Responding to certain recommendations made by the WTO’s Dispute Settlement Body,5 however, Commerce determined that, in certain contexts, it will begin to *1341aggregate all normal-to-export price comparisons, including the results of price comparisons for sales made at prices above normal value.6 Due to its expressly limited applicability, one effect of this modification was that Commerce was now aggregating negative normal-to-export price comparisons in some contexts but not others. ' See Dongbu, 635 F.3d at 1365. In Dongbu and JTEKT, the Court of Appeals held that the reasonableness of interpreting the antidumping statute to allow for such distinctions required more explanation than Commerce had then provided. Dongbu, 635 F.3d at 1373; JTEKT, 642 F.3d at 1384-85.

B. Analysis

In a number of decisions post-dating Dongbu and JTEKT, this Court has affirmed Commerce’s decision to include both positive and negative normal-to-export price differences when calculating weighted average dumping margins in ini*1342tial dumping investigations but not when doing so in administrative reviews.7 These holdings addressed Commerce’s explanation regarding the inherent differences between the nature and goals of initial investigations and subsequent administrative reviews.8 Here, Commerce clarifies that the reasonableness of its current practice is additionally supported by the distinction between the various comparison methods that Commerce may employ when comparing normal values and export prices to calculate dumping margins. See Remand Results at 10-13.

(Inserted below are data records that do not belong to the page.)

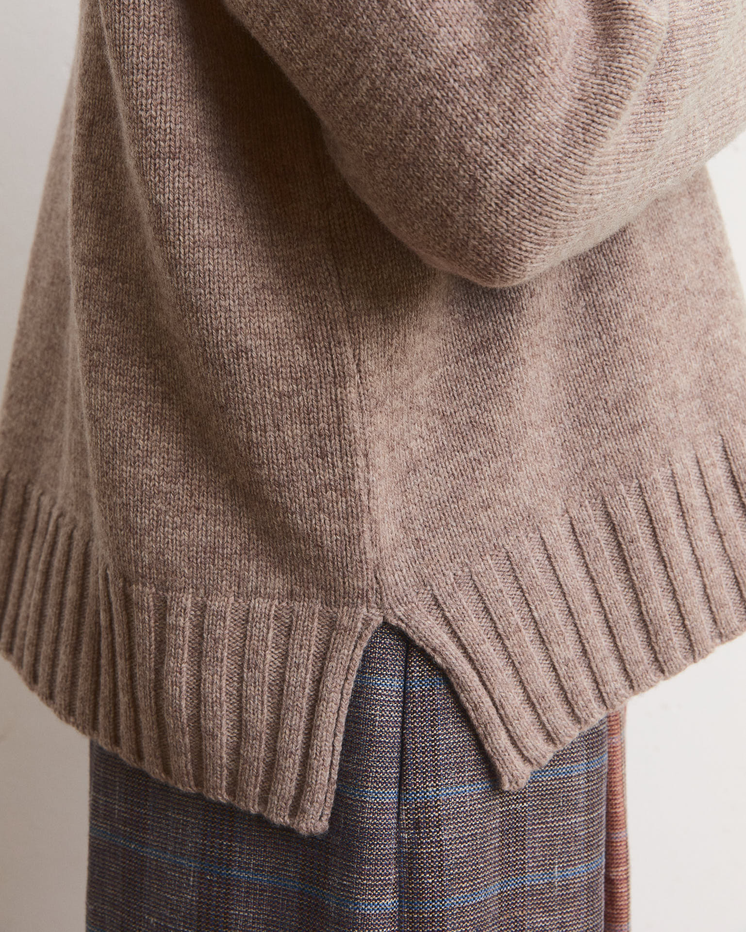 Ha un girocollo a coste, una forma a scatoletta e spacchi laterali che aiutano il maglione ad adattarsi a diverse fisicità, rendendolo estremamente versatile.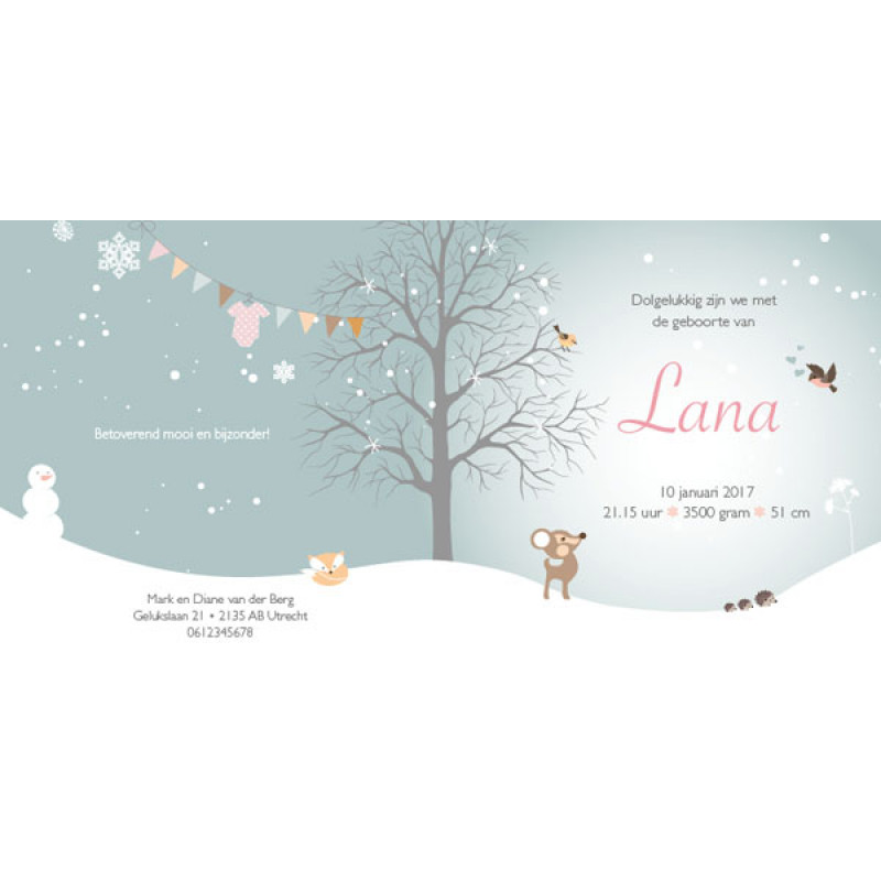 Dit pastelkleurige winterkaartje is super lief, rustig en stijlvol. Er zijn prachtige poederkleuren gebruikt en in het warme winterse landschap staan en vliegen diverse diertjes. Alle geboortekaartjes kunnen naar wens worden aangepast. Denk aan broertje(s) en of zusjes(s) erbij, jullie huisdier, andere kleuren, mixen met andere kaartjes, ander lettertype, ander formaat. Alles is mogelijk en alle eigen wensen zijn altijd gratis. tijdens het bestellen kunnen eigen wensen worden ingevuld. Gupje maakt jullie kaartje binnen 3-5 werkdagen en mailt het kaartje naar jullie. Correcties kunnen dan altijd nog en zijn gratis.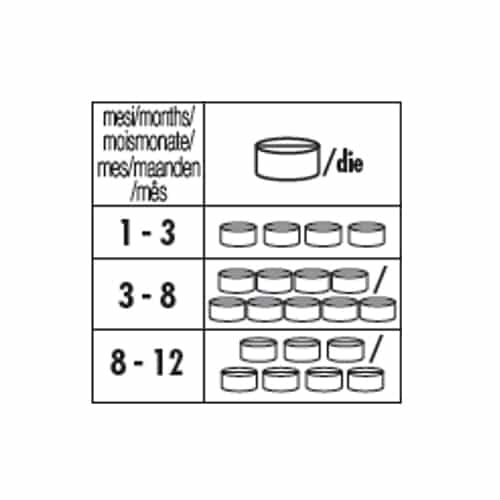 Aditivos nutricionales/kg: vit. A 1700 U.I., vit. E 180mg, taurine 200mg, sulfato de zinc heptahidratado 35 mg, sulfato manganoso monohidratado 13 mg, yoduro de potasio 10 mg, sulfato cúprico pentahidratado 3 mg.

The antidumping statute contemplates three distinct methods that Commerce may employ when comparing normal values and export prices to calculate dumping margins. See 19 U.S.C. § 1677f-l(d). Commerce may 1) compare the weighted average of the normal values found during the relevant time period with the weighted average of contemporaneous export prices (the “average-to-average” comparison method), id. at § 1677f-l(d)(l)(A)(i); 2) compare the normal values of individual transactions to the export prices of individual transactions (the “transaction-to-transaction” comparison method), id. at § 1677f-l(d)(l)(A)(ii); or 3) compare the weighted average of the normal values to the export prices of individual transactions (the “average-to-transaction” comparison method), id. at §§ 1677f-l(d)(l)(B), 1677f-1 (d)(2). Commerce’s recent policy modification is limited to the average-to-average comparison method.9

*1343Commerce explains that when using the average-to-average comparison method, Commerce “does not determine dumping on the basis of individual, transaction-specific, U.S. prices, but rather makes the determination ‘on average’ for the averaging group [groupings are made by model and level of trade] within which higher prices and lower prices offset each other.” Remand Results at 11. Commerce then “aggregates the comparison results from each of the averaging groups to determine the aggregate weighted-average dumping margin for a specific producer or exporter[,] [and] ... by permitting offsets in the aggregation stage, [Commerce] determines an ‘on average’ aggregate amount of dumping for the numerator of the weighted-average dumping margin ratio, consistent with the manner in which [Commerce] determined the comparison results being aggregated.” Id.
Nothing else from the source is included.